La diplomatie française tente une nouvelle médiation dans le conflit entre Arménie et Azerbaïdjan
L'objectif affiché par le Quai d'Orsay est ambitieux : "Une paix juste, durable, respectueuse de l'intégrité territoriale et des principes du droit international." Ce ne sera pas facile entre ces deux pays qui sont à couteaux tirés. Deux guerres les ont déjà opposés au cours des 30 dernières années. L'Arménie redoute d'être abandonnée à son sort. Elle est trois fois plus petite, trois fois moins peuplée et beaucoup moins puissante économiquement que l'Azerbaïdjan.
La ministre des Affaires étrangère, Catherine Colonna va se rendre dans chaque camp. D'abord, mercredi 26 avril à Bakou, en Azerbaïdjan, pour rencontrer le très autoritaire président Ilham Aliev, puis le jeudi à Erevan en Arménie pour des échanges avec le Premier ministre Nikol Pachinian. La ministre des Affaires étrangères en profitera aussi pour se recueillir au mémorial du génocide arménien dont on commémorait lundi 24 avril le 108e anniversaire.
Le volontarisme de la diplomatie française dans ce dossier n'est pas nouveau. À l'automne 2022 à Prague, Emmanuel Macron avait initié une rencontre directe entre les deux dirigeants arménien et azerbaïdjanais, mais sans que ce soit vraiment suivi d'effets.
Le Haut-Karabakh sous blocus azerbaïdjanais
La tension est même fortement remontée depuis le mois de décembre et que l'Azerbaïdjan empêche l'accès au territoire du Haut-Karabakh. Cette zone montagneuse disputée entre les deux pays, mais peuplée très majoritairement d'Arméniens (environ 120 000) revendique son autonomie sous le nom d'Artsakh. Depuis quatre mois, la zone subit un véritable blocus, encore renforcé ces derniers jours depuis que l'Azerbaïdjan a établi un check-point à l'entrée du corridor de Latchine. Cette bande de terre de seulement cinq kilomètres de large relie le Haut-Karabakh à l'Arménie.
Sur place, tout manque : des tickets de rationnement ont dû être mis en place, l'électricité et le chauffage sont restreints, le chômage est massif. L'Azerbaïdjan affirme vouloir à la fois enrayer un trafic d'armes et une exploitation illégale des mines de la région. Mais ce blocage contrevient à une décision de la Cour internationale de la justice. Pour l'Arménie, l'objectif réel de l'Azerbaïdjan, est une "épuration ethnique" : contraindre tous les Arméniens du Haut-Karabakh à fuir pour reprendre le contrôle du territoire. Les accrochages dans la zone frontière font régulièrement des morts.

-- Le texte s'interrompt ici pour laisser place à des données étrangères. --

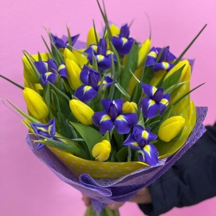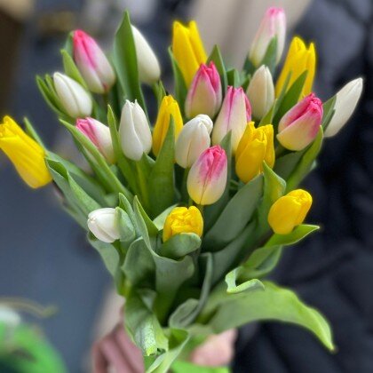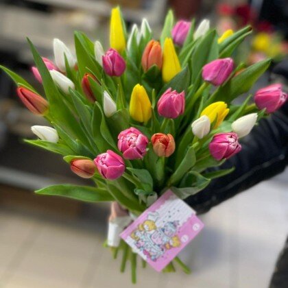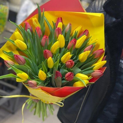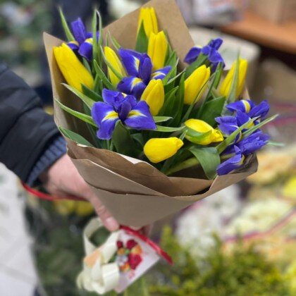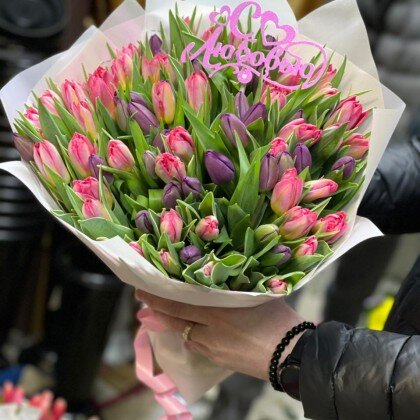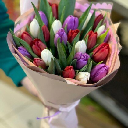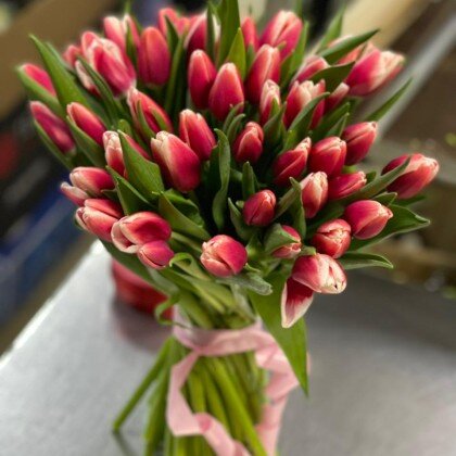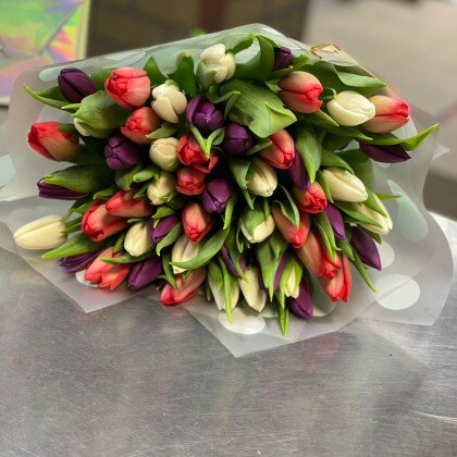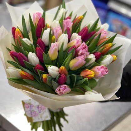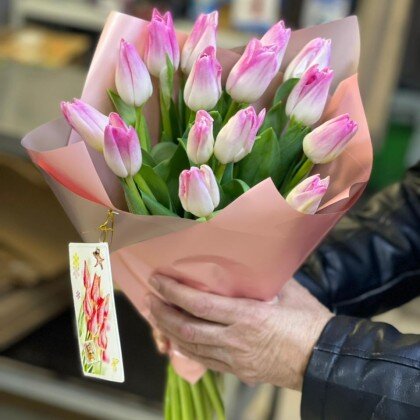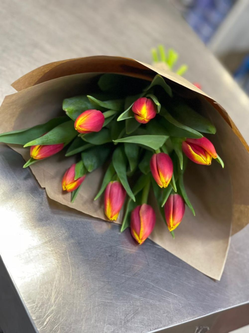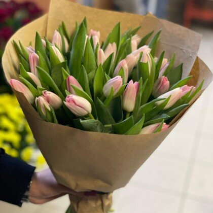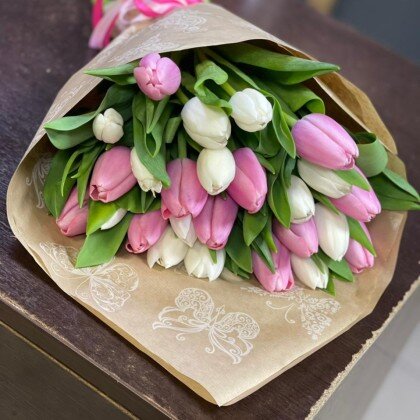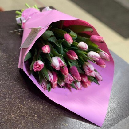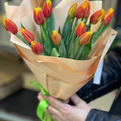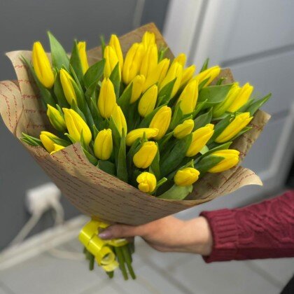 Тюльпаны – 9 шт Крафт бумага - 1 шт Высота 40см Ширина 20 см
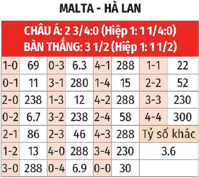 - Hà Lan thắng châu Á hiệp 1: Trận lượt đi chứng kiến Hà Lan sớm dẫn Malta 3 bàn trước khi kết thúc hiệp 1. Tính xa hơn, cả 4 trận vòng loại đều chứng kiến Hà Lan rời sân nghỉ giữa giờ với lợi thế dẫn bàn. Xu thế nhập cuộc bùng nổ và thắng châu Á ngay trong hiệp 1 của Hà Lan có lẽ sẽ tiếp diễn.

L'équilibrisme des Européens
La diplomatie a donc bien du mal à s'imposer. Les Européens font de l'équilibrisme. Ils sont tentés de défendre l'Arménie : les liens historiques sont plus forts et le régime est autrement plus démocratique. Mais le réalisme économique les pousse à ménager l'Azerbaïdjan, gros fournisseur de gaz : l'été 2022, la présidente de la Commission européenne Ursula von der Leyen, avait qualifié l'Azerbaïdjan de "partenaire fiable". L'Arménie n'a pas digéré cette formule et dénonce "un deux poids deux mesures" des Européens vu leur implication en Ukraine.
La clé d'une éventuelle résolution du conflit se trouve sans doute davantage à Moscou. La Russie, le parrain de la région, théoriquement garant de la paix entre les deux pays avec de nombreux soldats déployés dans la zone. Mais Moscou est concentré sur l'Ukraine. L'Arménie et le Haut-Karabakh sont donc aussi des "victimes collatérales" de la guerre en Ukraine.